DATA SHOWN
————

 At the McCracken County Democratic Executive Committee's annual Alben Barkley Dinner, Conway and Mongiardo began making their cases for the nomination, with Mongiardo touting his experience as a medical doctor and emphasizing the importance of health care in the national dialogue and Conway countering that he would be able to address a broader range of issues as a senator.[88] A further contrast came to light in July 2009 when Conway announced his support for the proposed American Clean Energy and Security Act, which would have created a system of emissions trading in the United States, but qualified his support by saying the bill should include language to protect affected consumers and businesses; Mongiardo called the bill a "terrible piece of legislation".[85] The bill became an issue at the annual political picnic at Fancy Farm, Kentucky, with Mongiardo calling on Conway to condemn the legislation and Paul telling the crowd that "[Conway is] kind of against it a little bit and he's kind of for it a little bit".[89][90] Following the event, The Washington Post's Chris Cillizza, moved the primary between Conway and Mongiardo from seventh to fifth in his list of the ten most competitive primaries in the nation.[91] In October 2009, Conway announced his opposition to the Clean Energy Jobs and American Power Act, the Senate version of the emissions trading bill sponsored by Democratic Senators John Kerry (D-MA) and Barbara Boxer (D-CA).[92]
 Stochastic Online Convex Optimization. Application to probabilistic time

————

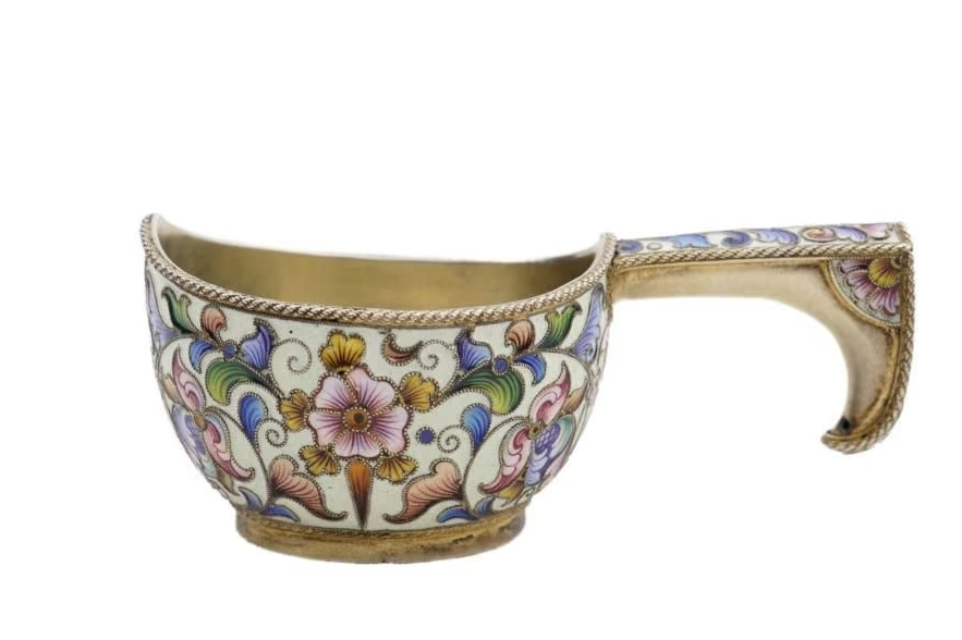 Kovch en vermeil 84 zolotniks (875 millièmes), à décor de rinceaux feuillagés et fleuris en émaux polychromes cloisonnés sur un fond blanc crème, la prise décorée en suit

————

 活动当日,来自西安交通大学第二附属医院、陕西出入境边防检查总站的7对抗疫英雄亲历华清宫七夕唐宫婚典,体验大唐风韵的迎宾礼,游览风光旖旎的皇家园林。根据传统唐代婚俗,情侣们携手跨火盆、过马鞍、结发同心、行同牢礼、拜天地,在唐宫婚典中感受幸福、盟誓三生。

————

Return only the stretch of the material above from the line holding "At the McCracken" through the line holding "Stochastic Online Convex", copied exactly.

 At the McCracken County Democratic Executive Committee's annual Alben Barkley Dinner, Conway and Mongiardo began making their cases for the nomination, with Mongiardo touting his experience as a medical doctor and emphasizing the importance of health care in the national dialogue and Conway countering that he would be able to address a broader range of issues as a senator.[88] A further contrast came to light in July 2009 when Conway announced his support for the proposed American Clean Energy and Security Act, which would have created a system of emissions trading in the United States, but qualified his support by saying the bill should include language to protect affected consumers and businesses; Mongiardo called the bill a "terrible piece of legislation".[85] The bill became an issue at the annual political picnic at Fancy Farm, Kentucky, with Mongiardo calling on Conway to condemn the legislation and Paul telling the crowd that "[Conway is] kind of against it a little bit and he's kind of for it a little bit".[89][90] Following the event, The Washington Post's Chris Cillizza, moved the primary between Conway and Mongiardo from seventh to fifth in his list of the ten most competitive primaries in the nation.[91] In October 2009, Conway announced his opposition to the Clean Energy Jobs and American Power Act, the Senate version of the emissions trading bill sponsored by Democratic Senators John Kerry (D-MA) and Barbara Boxer (D-CA).[92]
 Stochastic Online Convex Optimization. Application to probabilistic time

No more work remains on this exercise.